Unlocking the Power of In-Context Learning

Marzo 19, 2024

In recent years, the field of artificial intelligence has witnessed groundbreaking advancements. In particular, large language models have celebrated immense success thanks to their remarkable capability for in-context learning, enabled by Transformer architectures. A Transformer model can understand and respond based on contextual cues derived from previous examples.
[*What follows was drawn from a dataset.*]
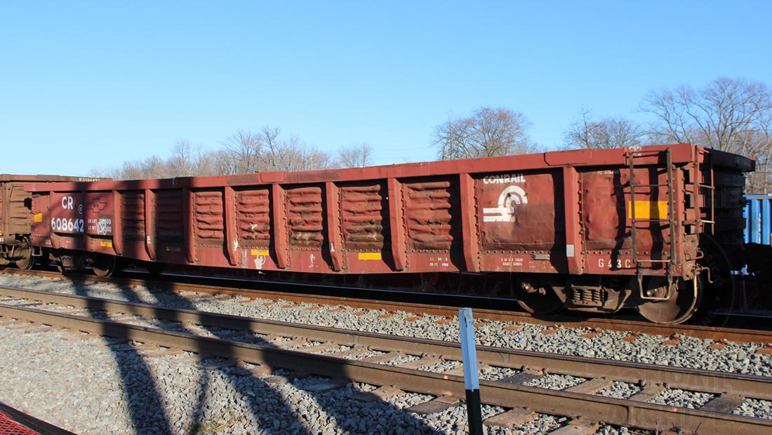 CR 608642 is seen at Westville, NJ on 2/13/15. Car is ex CR 578769/PC 578769 and was built 3-70. Car is wearing a number that was used in Coil Steel service, but has since had the coil cradle removed and is now is now in steel slab service.

What exactly does this mean, what is the in-context learning capability of Transformers? To grasp this concept, let’s consider an example using ChatGPT, a leading AI language model. ChatGPT, pre-trained on vast amounts of text data, can understand the context of new questions and provide relevant responses, probably even without having seen this exact question before. For instance, when prompted with:

Hockey: Stick

Football: Ball

Volleyball: Net Tennis:

ChatGPT responds with:

Tennis: Racket

By recognizing the pattern of matching sports with their associated equipment, ChatGPT correctly deduces that the equipment typically associated with tennis is a racket.

Now, imagine harnessing this powerful concept to understand the intricacies of complex medical conditions, such as prediabetes. These conditions are often described with dynamical systems, where inputs at a given time lead to specific outputs over time. In traditional machine learning, unraveling these systems, seeking patterns and insights is an extremly challenging and time-consuming task.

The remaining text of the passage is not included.